A point moving with constant acceleration from $A$ to $B$ in the straight line $AB$ has velocities $u$ and $v$ at $A$ and $B$ respectively. Find its velocity at $C$, the mid point of $AB$.
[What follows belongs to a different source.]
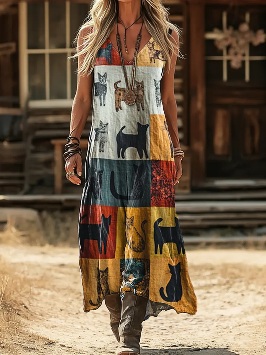 Women's Retro Colorful Art Print Casual Sleeveless V-Neck Cotton Linen Dress

• A. $\sqrt{\frac{v^2-u^2}{2}}$
• B. $\sqrt{\frac{v^2+u^2}{2}}$
• C. $\sqrt{\frac{v^2+u^2}{4}}$
• D. $\sqrt{\frac{v^2-u^2}{4}}$

Answer 1

The correct option is B $\sqrt{\frac{v^2+u^2}{2}}$

Let the distance between $A$ and $B$ = $s$ and as mentioned $C$ is the midpoint of $A$ and $B$, thus distance $AC$ and $CB$ = $\frac{s}{2}$
From equation of motion we get distance $AB$ as
$v^2=u^2+2as$
$s=\frac{v^2-u^2}{2a}$- ---------(1)
Let speed of the vehicle be $p\text{m/s}$ at point $C$
Again, from equation of motion we get,
$p^2=u^2+2a\frac{s}{2}$
as distance between $A$ and $C$ is $\frac{s}{2}$
$s=\frac{p^2-u^2}{a}$ -------(2)
Equating 1 and 2, we get
$\frac{p^2-u^2}{a}=\frac{v^2-u^2}{2a}$
$p^2=\frac{v^2+u^2}{2}\Rightarrow p=\sqrt{\frac{v^2+u^2}{2}}$